Implementation and Evaluation of a Module for Type-based Information-Flow 
Analysis of Multi-threaded Android Programs


Nowadays, mobile devices have become more popular than ever before. This 
popularity is also the reason of constantly new security threats. In the 
case of Android, a device stores a lot of user specific information, e.g., 
contacts, calendar entries or the device's location. So, a major threat 
results from applications that expose private user data.
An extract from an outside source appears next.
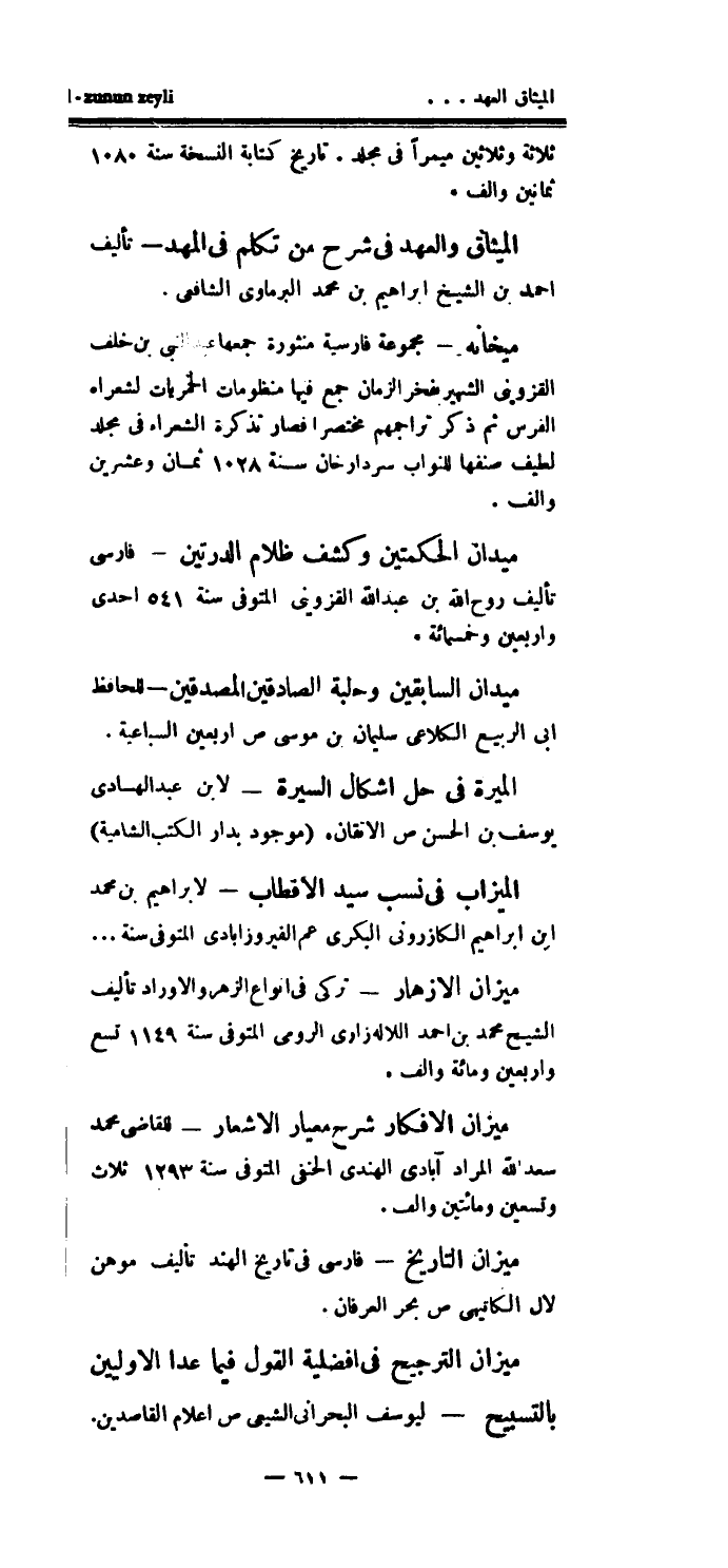 (موجود بدار الكتب الشامية) الميزاب في نسب سيد الأقطاب - لإبراهيم بن محمد ابن إبراهيم الكازروني البكري عم الفيروزابادى المتوفى سنة ... ميزان الأزهار - تركى في أنواع الزهر والأوراد تأليف الشيخ محمد بن أحمد اللاله زاري الرومي المتوفى سنة 1149 تسع وأربعين ومائة وألف.

Unfortunately, 
Android provides no functionalities for controlling or checking how 
private data is used by an application. The MAIS chair of TU Darmstadt 
addresses these shortcomings with a framework named A Certifying App 
Store. This framework is able to analyze if an application leaks data 
the user considers as private. Therefore, the application's bytecode is 
analyzed with regard to its information-flow. The certifying app store, 
however, focuses only on the security of single-threaded Android programs. 
In contrast, this thesis reveals that Android programs commonly use multi-
threading. Moreover, three small but realistic example applications are 
given to demonstrate how Android's multi-threading mechanism can introduce 
additional insecurities in programs. Motivated by these discoveries, the 
certifying app store is extended with a module for the security analysis 
of multi-threaded Android programs. Concluding, the implemented module 
is evaluated with the implemented example applications and secure versions 
of them. This evaluation shows that the implemented module is able to 
detect information leaks and to certify secure programs.